# Exercise prompt:
Transcribe the full listing exactly, and drop every picture.
··· Data ···
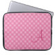 Dusty pink gingham decorates this monogrammed laptop sleeve. Change the monogram letter to suit your needs. The design is from original art.
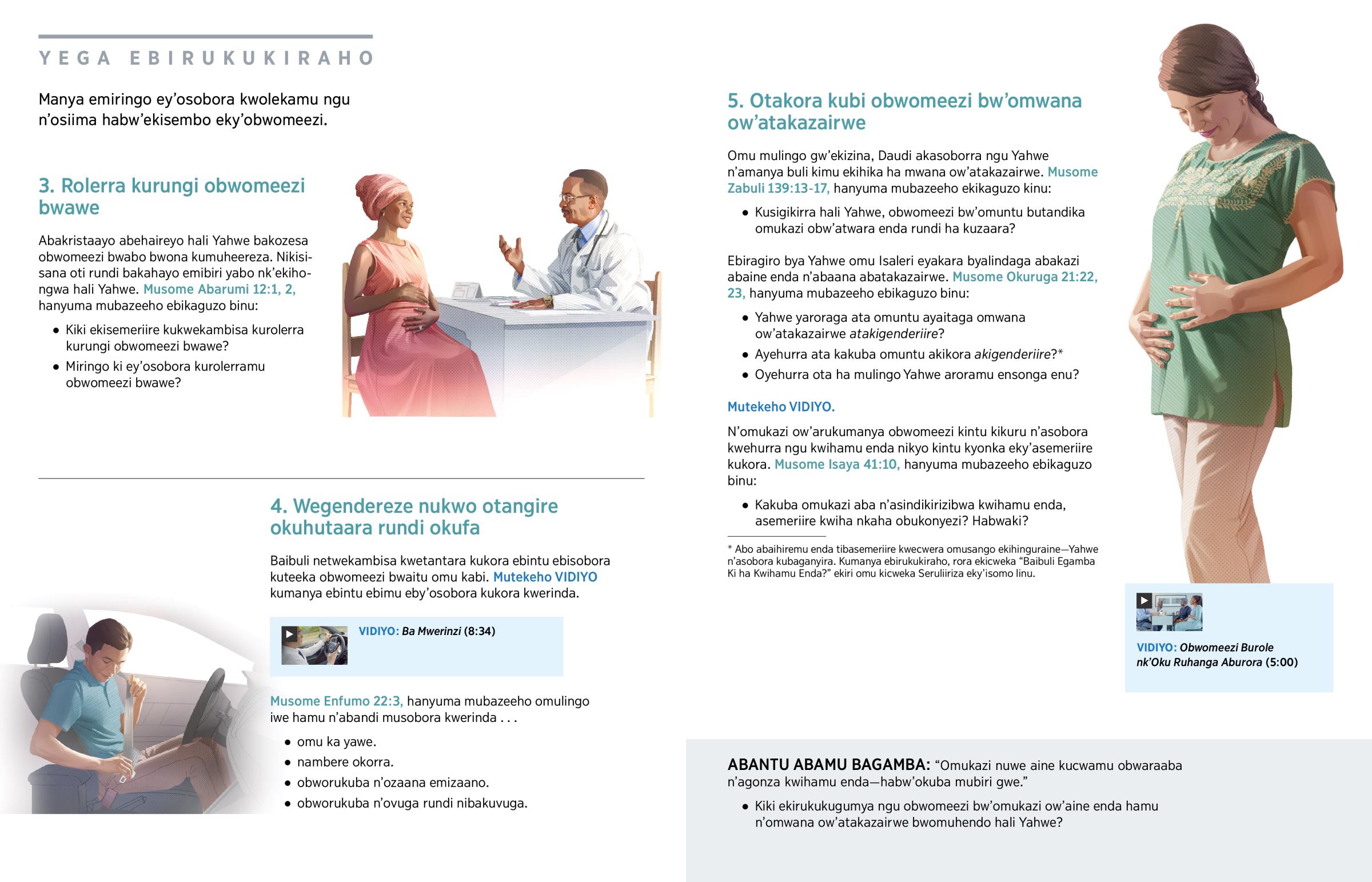 Kuruga akasumi maama waawe obuyatwaire enda, Yahwe akatandika kukufaaho. Omu ha baheereza ba Ruhanga arukwetwa Daudi akaterekerezebwa omwoyo ogurukwera yagamba ati: “Amaiso gawe gakarora omubiri gwange gutakahikiriire.” (Zabuli 139:16) Obwomeezi bwawe bw’omuhendo hali Yahwe. (Soma Matayo 10:29-31.) Kimusaasa muno omuntu obw’acwamu kweyita.a (Okuruga 20:13) Kandi kisaaliza Yahwe obutunagiriza obwomeezi bwaitu tukabuteeka omu kabi rundi obututafaayo kulinda obwomeezi obw’abandi. Obutulinda obwomeezi bwaitu hamu n’obw’abandi, twoleka ngu nitusiima habw’ekisembo kinu ekirungi.
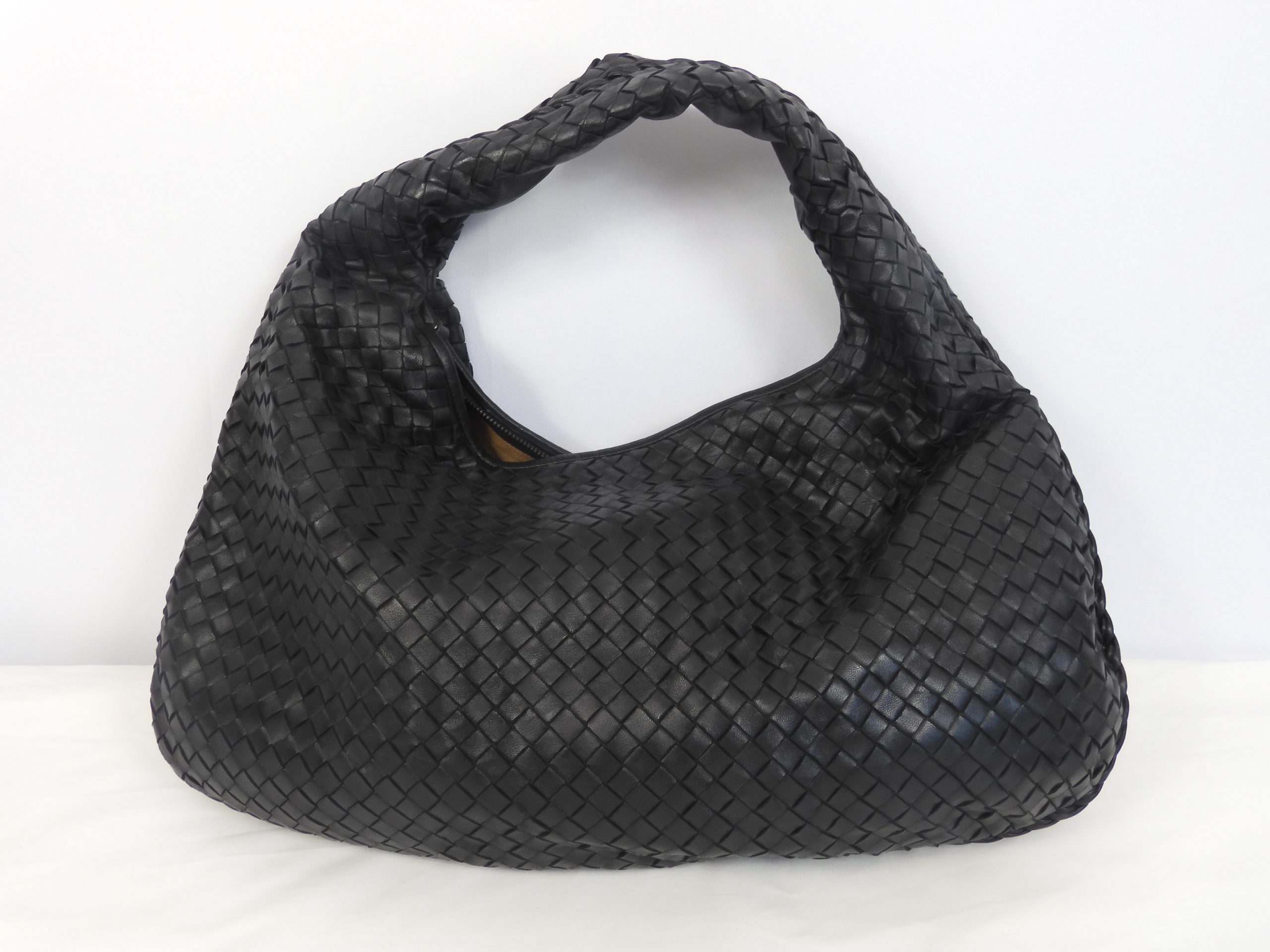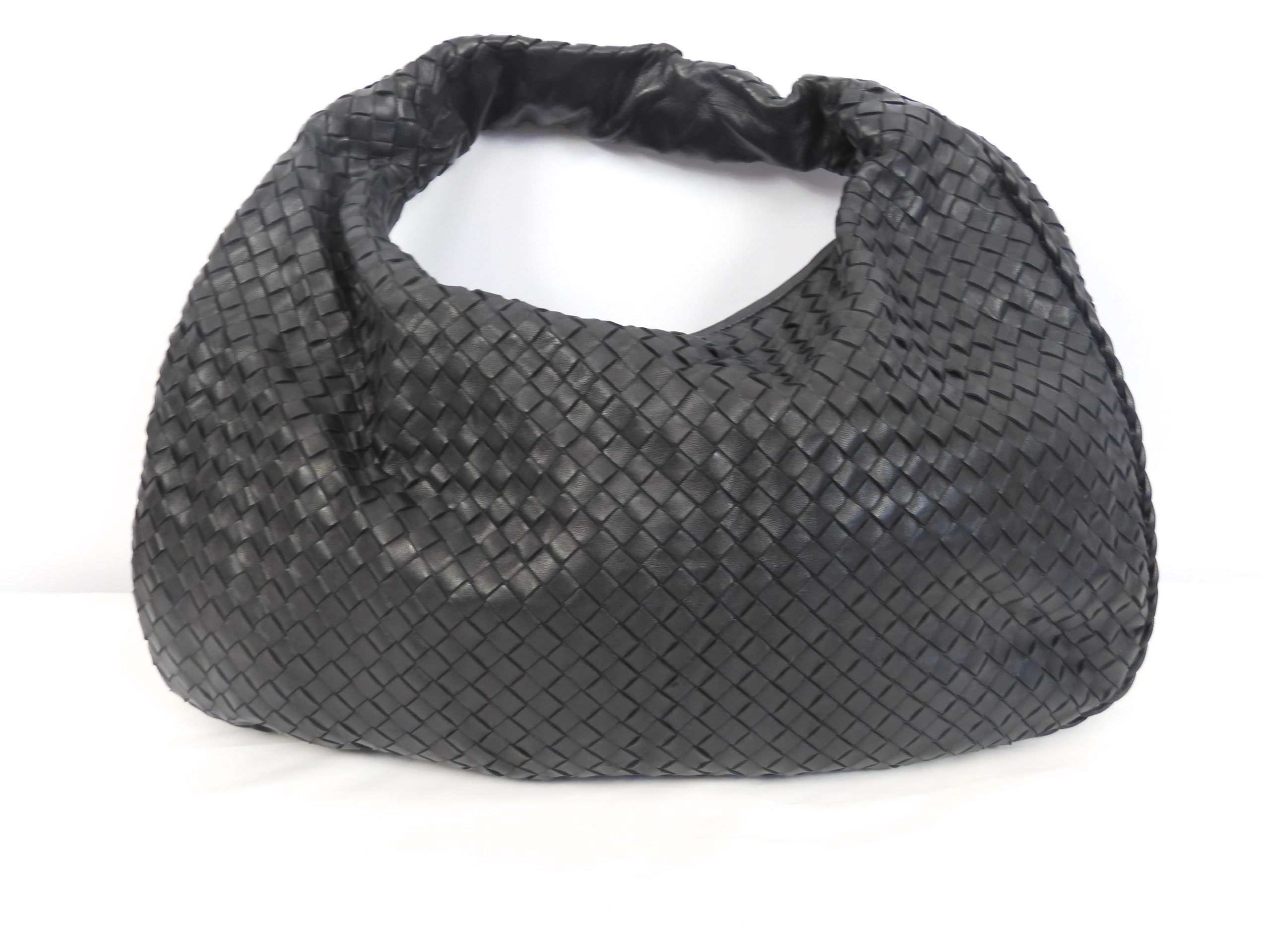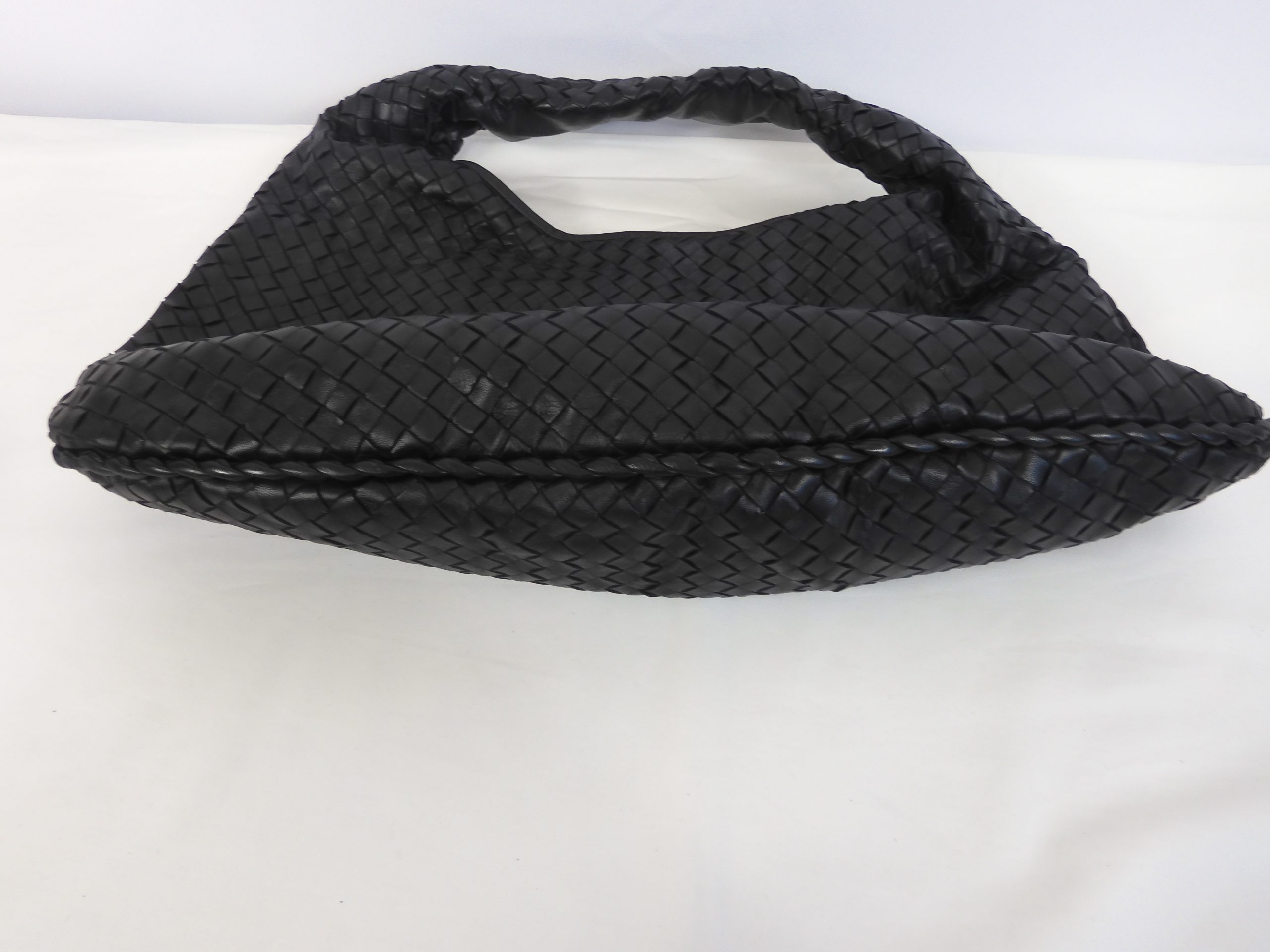 Bottega Veneta Large Hobo Intrecciato Black Leather Shoulder Bag.
···
# Problem solution:
 Dusty pink gingham decorates this monogrammed laptop sleeve. Change the monogram letter to suit your needs. The design is from original art.
 Kuruga akasumi maama waawe obuyatwaire enda, Yahwe akatandika kukufaaho. Omu ha baheereza ba Ruhanga arukwetwa Daudi akaterekerezebwa omwoyo ogurukwera yagamba ati: “Amaiso gawe gakarora omubiri gwange gutakahikiriire.” (Zabuli 139:16) Obwomeezi bwawe bw’omuhendo hali Yahwe. (Soma Matayo 10:29-31.) Kimusaasa muno omuntu obw’acwamu kweyita.a (Okuruga 20:13) Kandi kisaaliza Yahwe obutunagiriza obwomeezi bwaitu tukabuteeka omu kabi rundi obututafaayo kulinda obwomeezi obw’abandi. Obutulinda obwomeezi bwaitu hamu n’obw’abandi, twoleka ngu nitusiima habw’ekisembo kinu ekirungi.
 Bottega Veneta Large Hobo Intrecciato Black Leather Shoulder Bag.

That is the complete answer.